Let the speed of the train be x kmph.

Then, relative speed = (x-5) kmph

Therefore, x-5 = 45 or x=50 kmph.

19) Suresh borrowed some money at the rate of 6% p.a. for the first three years, 9% p.a. for the next five years and 13% p.a. for the period beyond eight years. If the total interest paid by him at the end of 11 years is Rs.8160, how much money did he borrow?

Sol: Let the sum be Rs.x. Then,

= [x*6*3/100] + [x*9*5/100] + [x*13*3/100] = 8160

=>18x+45x+39x = (8160*100)

=> 102x = 816000

Therefore, x=8000.

20) Hari invested an amount of Rs.8000 in a fixed deposit scheme for 2 years at compound interest rate of 5 p.c.p.a. How much amount will Hari get on maturity of the fixed deposit?

Sol: = Rs.[8000*(1+5/100)2]

=> Rs.[8000*21/20*21/20]

=Rs.8820.

21) What will be the cost of gardening 1 metre broad boundary around a rectangular plot having perimeter of 340 metres at the rate of Rs.10 per square metre?

Sol : 2(l+b) = 340

Area of the boundary [(l+2)(b+2)-lb]

=> 2(l+b)+4 = 344

Therefore, Cost of gardening = Rs.(344*10) = Rs.3440

22) A cow is tethered in the middle of a field with a 14 feet long rope. If the cow grazes 100 sq.ft. per day, then approximately what time will be taken by the cow to graze the whole field?

Sol : Area of the field grazed = [22/7*14*14]sq.ft. = 616 sq.ft.

Number of days taken to graze the field = 616/100 days

=> 6 days(approx.).

23) A park square in shape has a 3 metre wide road inside it running along its sides. The area occupied by the road is 1764 square metres. What is the perimeter along the outer edge of the road?

Sol: Let the length of the outer edge be x metres. Then, length of the inner edge =(x-6)m.

=> x2-(x-6)2 = 1764

=> x2-(x2-12x+36) = 1764

=> 12x = 1800 => x=150.

Required perimeter = (4x)m = (4*150)m = 600m.

24) The diameter of the driving wheel of a bus in 140 cm. How many revolutions per minute must the wheel make in order to keep a speed of 66 kmph?

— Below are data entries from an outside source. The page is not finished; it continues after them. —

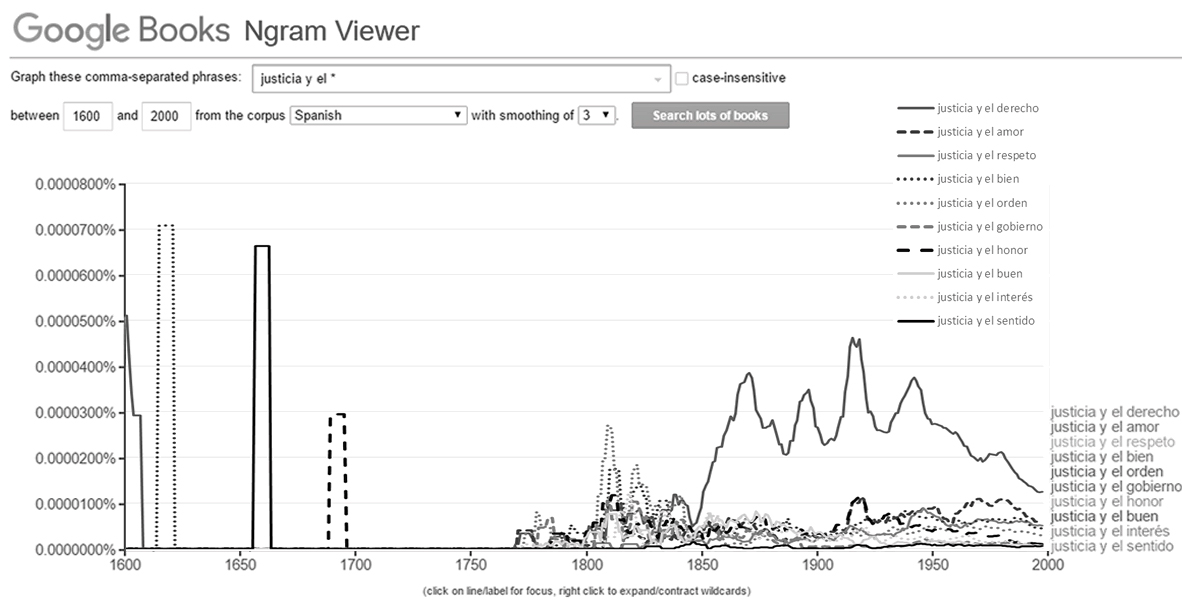 En este caso, figura 3, ya no es el lector quien indica a la máquina exactamente qué buscar sino es la máquina la que lee por el usuario e indica cuáles son las unidades de lenguaje más recurrentes en el lote de libros durante el tiempo consultado. Por ejemplo, me indica la presencia de la idea de “la justicia y el bien” en un lote de libros que va de 1613 a 1620, de “la justicia y el sentido” entre 1656 y 1661, y una interesante tendencia que inicia en 1768 y que terminará dominando hacia mediados del siglo XIX como es la frase “la justicia y el derecho”. Claramente esta “lectura” genera muchos interrogantes y campos de observación, como el periodo de 1770 a 1850, lo cual evidencia de alguna manera la eclosión de ideas que se vivió en el mundo hispanohablante en la época.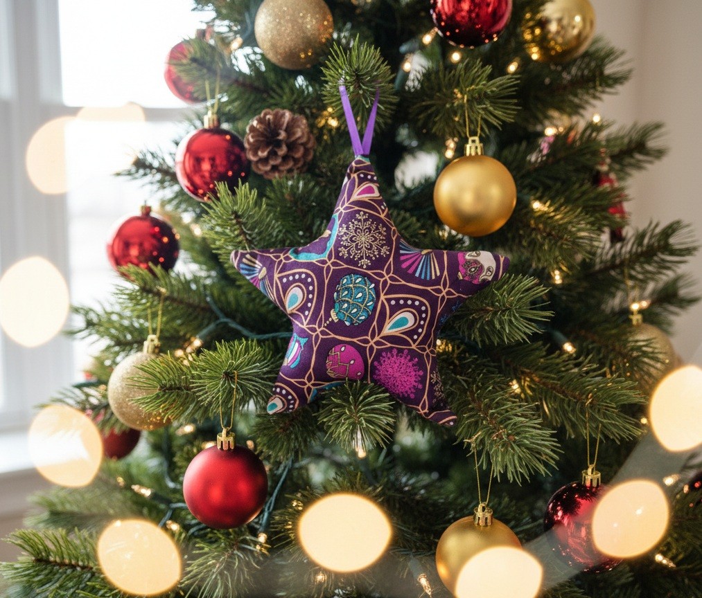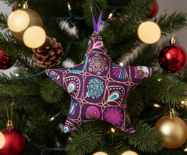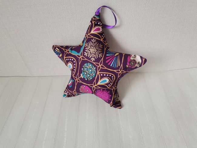 Etoile de noël à suspendre en tissu coton violet carreaux motifs noël
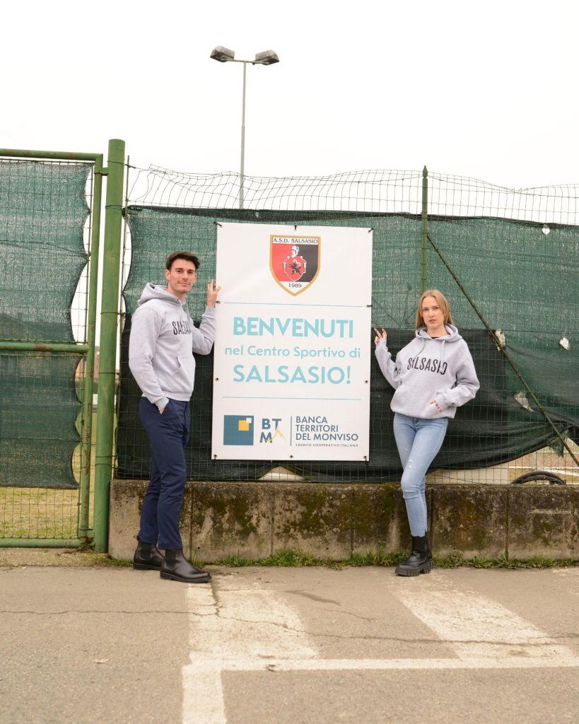 Ad accogliere tutti gli spettatori del centro sportivo di Salsasio ora ci sono dei banner che raffigurano anche i loghi della Banca Territori del Monviso e del Salsasio, ma la grande novità sono le nuove ed esclusive felpe ufficiali Salsasio – BTM, presentate nella Sede Centrale della BTM, situata proprio a Salsasio, a pochi passi dal centro sportivo Giorgio Demichelis!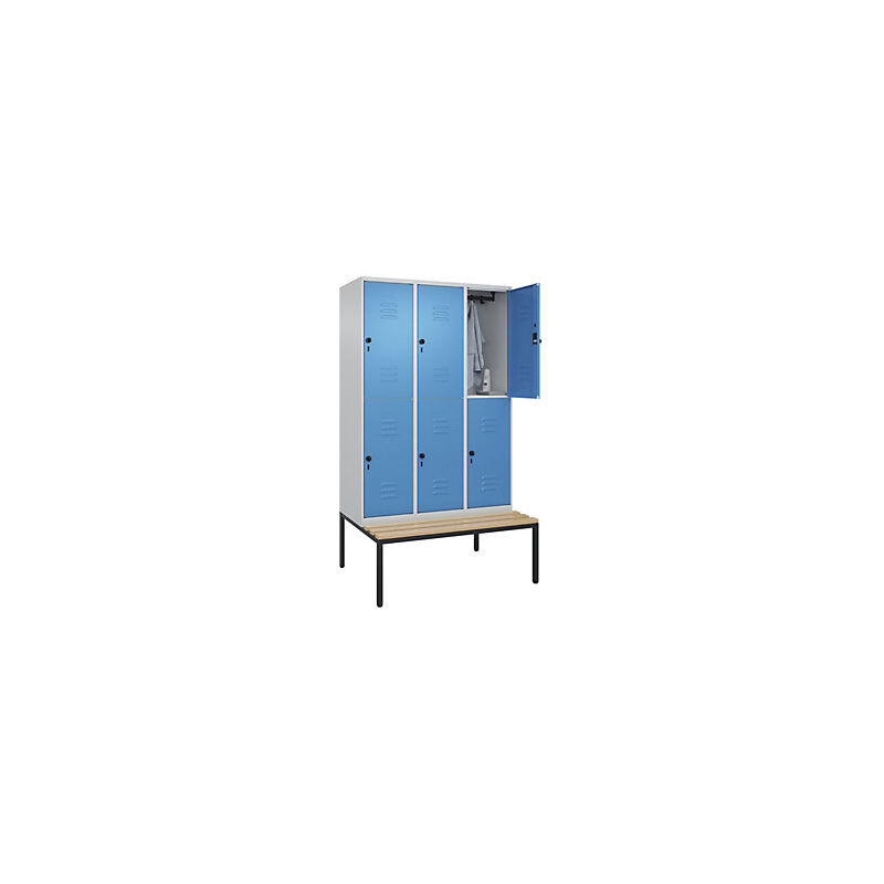 Armadietto a due piani Classic PLUS con panca, 3 scomparti, grigio chiaro / blu chiaro, largh. 1200 mm, serratura girevole di sicurezza, panca integrata, legno duro di faggio. Fornitura = montato. Altezza = 2120 mm. Larghezza = 1200 mm. Profondità = 815 mm. Colore corpo = grigio chiaro RAL 7035. Colore porta = blu chiaro RAL 5012. Serratura = chiavistello girevole di sicurezza. Numero scomparti in larghezza = 3 pz. Numero scomparti = 6 pz. Materiale = acciaio. Larghezza scomparti = 400 mm. Dotazione interna = 1 asta appendiabiti con 4 ganci per scomparto. Altezza sedile = 450 mm. Profondità sedile = 310 mm. Altezza zoccolo = 420 mm. Altezza armadio = 720 mm. Versione = con panca integrata. Serie = CLASSIC PLUS. Altezza interna = 1637 mm. Possibilità di regolazione per la messa in piano su superfici irregolari. Frontali con fessure di areazione per una ventilazione ancora più efficace. Profili laterali delle ante chiusi per un'elevata resistenza alla torsione. Corpo con aperture di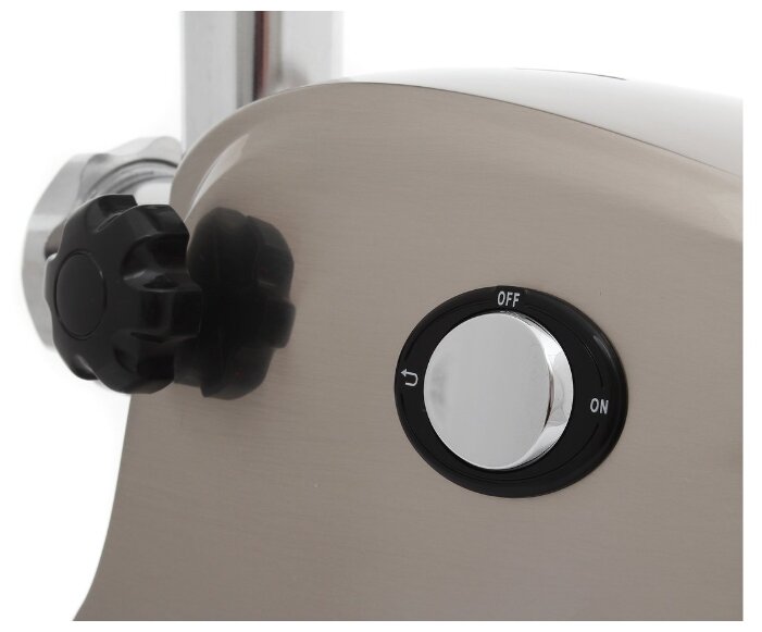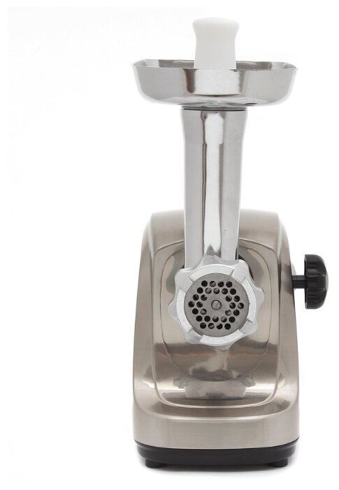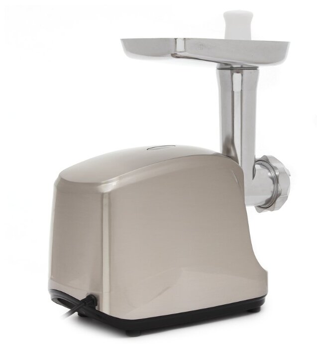 мощность 400 Вт; перерабатывает 2 кг/мин; насадка-терка, насадка для шинковки, насадка для кеббе, диск для фарша; корпус из пластика
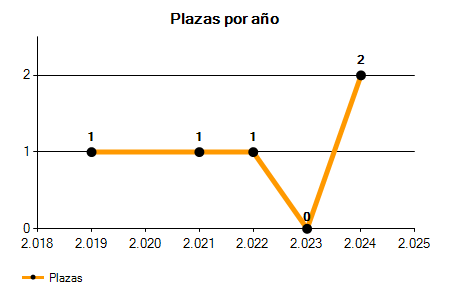 En los siguientes gráficos se puede ver la evolución del número de convocatorias y plazas convocadas por el ayuntamiento de Grazalema de los últimos años pudiéndose observar una caída del 100,00% desde el año 2019 hasta el 2025 en número de convocatorias y una caída del 100,00% en número de plazas convocadas.

Sol: Distance to be covered in 1 min. = [66*1000/60]m = 1100m

Circumference of the wheel = [2*22/7*0.70]m = 4.4m.

Number of revolutions per min. = 1100/4.4 = 250

25) A sum of money at simple interest amounts to Rs.720 after 2 years and to Rs.1020 after a further period of 5 years. The sum is :

Sol: S.I. for 5 years = Rs.(1020-720) = Rs.300

S.I. for 2 years = Rs.(300/5)*2 = Rs.120.

Therefore, Principal = Rs.(720-120) = Rs.600.